═════ Stored data

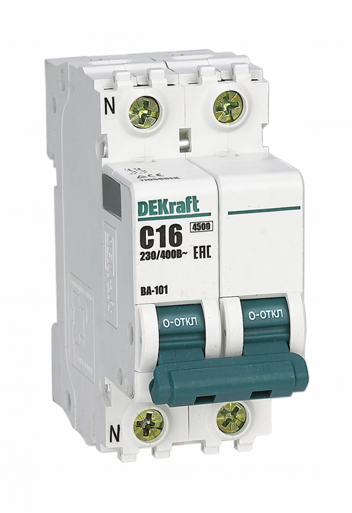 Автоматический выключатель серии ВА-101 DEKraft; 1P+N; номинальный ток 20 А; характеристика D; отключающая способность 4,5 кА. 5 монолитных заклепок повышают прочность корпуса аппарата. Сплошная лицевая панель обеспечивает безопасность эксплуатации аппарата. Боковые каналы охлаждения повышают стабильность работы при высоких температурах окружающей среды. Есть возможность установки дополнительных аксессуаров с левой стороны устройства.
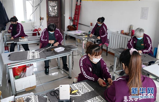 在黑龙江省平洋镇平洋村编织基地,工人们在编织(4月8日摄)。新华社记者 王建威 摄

══════════
═════ Stored data

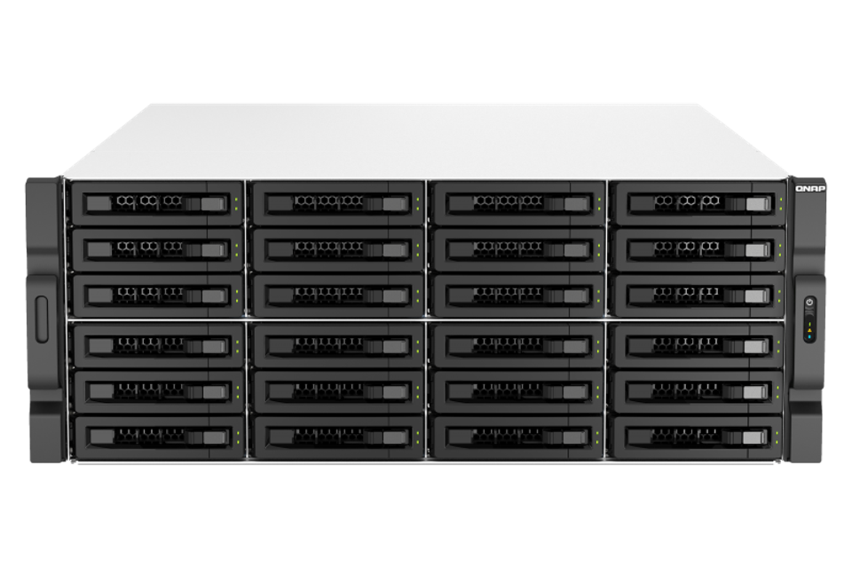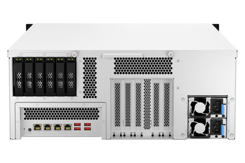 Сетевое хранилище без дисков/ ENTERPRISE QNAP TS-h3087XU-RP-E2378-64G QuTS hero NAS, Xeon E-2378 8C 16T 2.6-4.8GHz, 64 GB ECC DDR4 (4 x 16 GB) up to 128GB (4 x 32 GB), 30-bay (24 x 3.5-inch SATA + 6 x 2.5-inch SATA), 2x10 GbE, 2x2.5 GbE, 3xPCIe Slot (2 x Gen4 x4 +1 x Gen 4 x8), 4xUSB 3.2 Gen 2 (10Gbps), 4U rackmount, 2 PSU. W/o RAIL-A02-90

══════════

▸ **Your assignment**:
Output exactly the stretch of the listing that begins at the line containing "Автоматический выключатель серии" and ends at the line containing "在黑龙江省平洋镇平洋村编织基地,工人们在编织(4月8日摄)。新华社记者 王建威 摄", both kept. Omit pictures and everything else.

▸ **Task solution**:
 Автоматический выключатель серии ВА-101 DEKraft; 1P+N; номинальный ток 20 А; характеристика D; отключающая способность 4,5 кА. 5 монолитных заклепок повышают прочность корпуса аппарата. Сплошная лицевая панель обеспечивает безопасность эксплуатации аппарата. Боковые каналы охлаждения повышают стабильность работы при высоких температурах окружающей среды. Есть возможность установки дополнительных аксессуаров с левой стороны устройства.
 在黑龙江省平洋镇平洋村编织基地,工人们在编织(4月8日摄)。新华社记者 王建威 摄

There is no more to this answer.